验证当前目录中的存档文件(.zip, .tar, .tar.gz, .tgz)

$ hepdata-validate -a TestHEPSubmission.zip

验证当前目录中的单个 YAML 文件

$ hepdata-validate -f single_yaml_file.yaml

使用选项

$ hepdata-validate --help
Usage: hepdata-validate [OPTIONS]

  Offline validation of submission.yaml and YAML data files. Can check either
  a directory, an archive file, or the single YAML file format.

Options:
  -d, --directory TEXT  Directory to check (defaults to current working
                        directory)
  -f, --file TEXT       Single .yaml or .yaml.gz file (but not submission.yaml
                        or a YAML data file) to check - see https://hepdata-
                        submission.readthedocs.io/en/latest/single_yaml.html.
                        (Overrides directory)
  -a, --archive TEXT    Archive file (.zip, .tar, .tar.gz, .tgz) to check.
                        (Overrides directory and file)
  --help                Show this message and exit.

Python

验证完整提交

要验证完整提交,实例化一个 FullSubmissionValidator 对象

from hepdata_validator.full_submission_validator import FullSubmissionValidator, SchemaType
full_submission_validator = FullSubmissionValidator()

# validate a directory
is_dir_valid = full_submission_validator.validate(directory='TestHEPSubmission')

# or uncomment to validate an archive file
# is_archive_valid = full_submission_validator.validate(archive='TestHEPSubmission.zip')

# or uncomment to validate a single file
# is_file_valid = full_submission_validator.validate(file='single_yaml_file.yaml')

# if there are any error messages, they are retrievable through this call
full_submission_validator.get_messages()

# the error messages can be printed for each file
full_submission_validator.print_errors('submission.yaml')

# the list of valid files can be retrieved via the valid_files property, which is a
# dict mapping SchemaType (e.g. SUBMISSION, DATA, SINGLE_YAML, REMOTE) to lists of
# valid files
full_submission_validator.valid_files[SchemaType.SUBMISSION]
full_submission_validator.valid_files[SchemaType.DATA]
# full_submission_validator.valid_files[SchemaType.SINGLE_YAML]

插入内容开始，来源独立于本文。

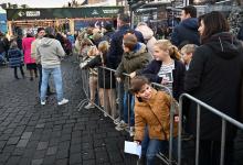 21-12-2025, Nederland, Den Bosch Ouders en hun kinderen in de rij voor de brievenbus bij het Glazen Huis dat geld inzamelt voor Spieren voor Spieren. foto Marcel van den Bergh (niet voor Trouw, Parool, AD en NRC)
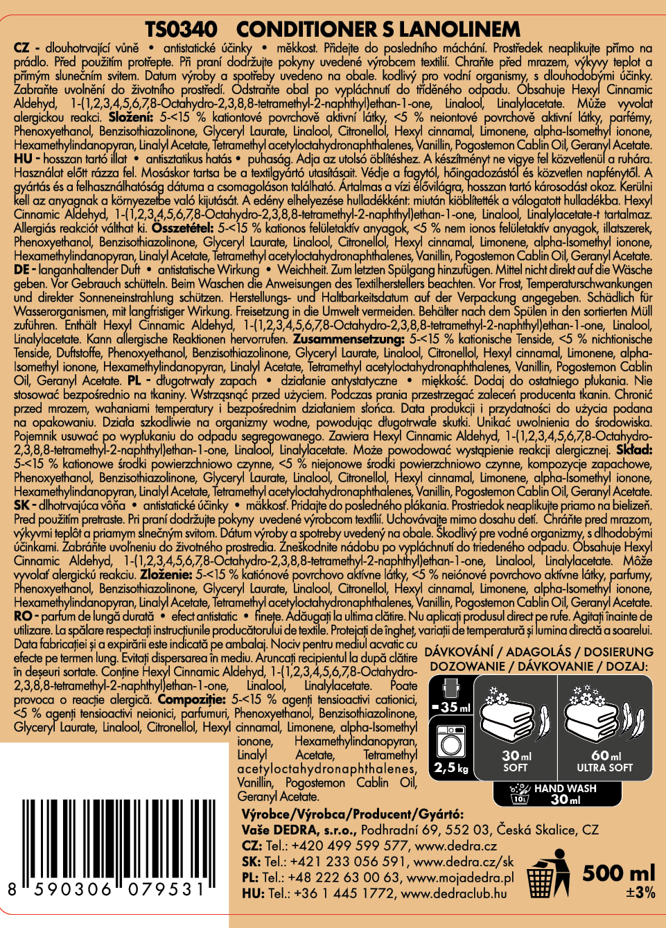 LANOLINO conditioner s lanolinem je šetrný kondicionér na vlněné a jemné prádlo. Zjemňuje vlákna, obnovuje jejich pružnost a chrání je před vysušením. Neutralizuje elektrostatický náboj, usnadňuje žehlení a zanechává prádlo hebké, voňavé a svěží po každém praní.
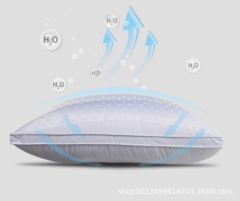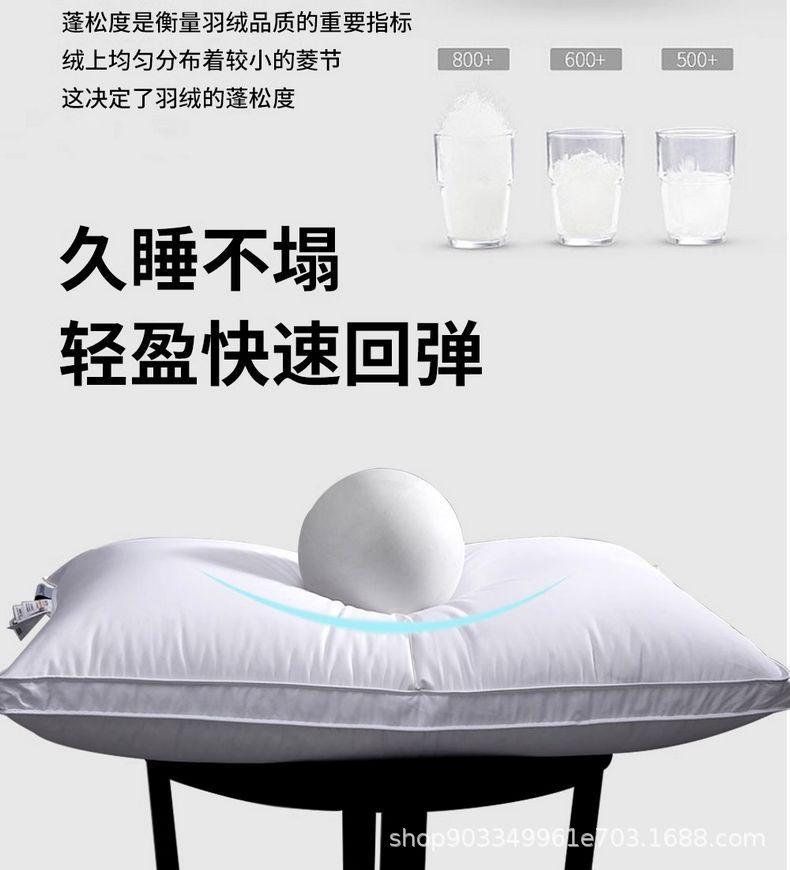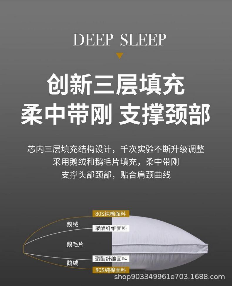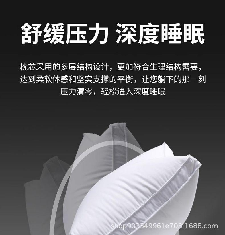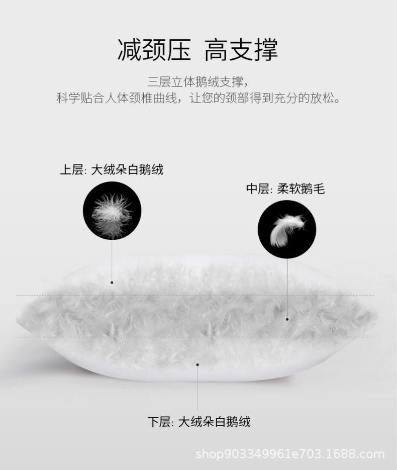 Relleno de almohada de plumón de ganso tipo sándwich: capa superior 95% plumón de ganso blanco 100g + capa media pluma de ganso 800g + capa inferior 95% plumón de ganso blanco 100g
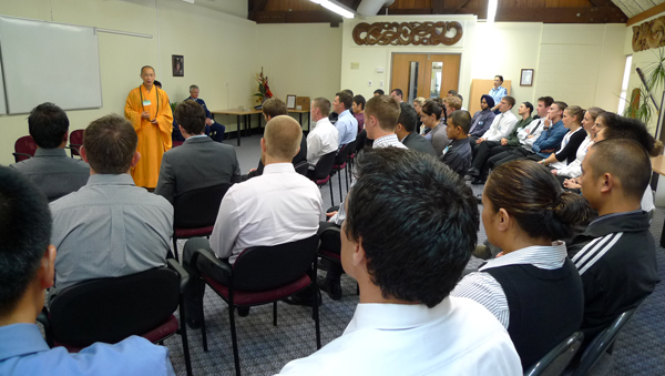 住持滿信法師和261營隊進行會談,讓彼此互相了解。警員們好奇地提問住持的學佛因緣、背景,甚至是袈裟與108顆念珠的意義等。住持和警員分享她在佛學院的生活,鼓勵他們用心學習,像海綿般的吸收知識,畢業後奉獻他們的所學,服務社會;並敘述建設心靈工程的過程, 勉勵大家要勇敢面對問題,用積極正面的態度接受挑戰,豐富自己的人生經驗,希望大家努力耕種心田, 說好話、做好事、存好心, 社會的犯罪率自然會減少。

# if a remote schema is used, valid_files is a list of tuples (schema, file)
# full_submission_validator.valid_files[SchemaType.REMOTE]

# the list of valid files can be printed
full_submission_validator.print_valid_files()

验证单个文件

要验证提交文件,实例化一个 SubmissionFileValidator 对象

from hepdata_validator.submission_file_validator import SubmissionFileValidator

submission_file_validator = SubmissionFileValidator()
submission_file_path = 'submission.yaml'

# the validate method takes a string representing the file path
is_valid_submission_file = submission_file_validator.validate(file_path=submission_file_path)

# if there are any error messages, they are retrievable through this call
submission_file_validator.get_messages()

# the error messages can be printed
submission_file_validator.print_errors(submission_file_path)

要验证数据文件,实例化一个 DataFileValidator 对象

from hepdata_validator.data_file_validator import DataFileValidator

data_file_validator = DataFileValidator()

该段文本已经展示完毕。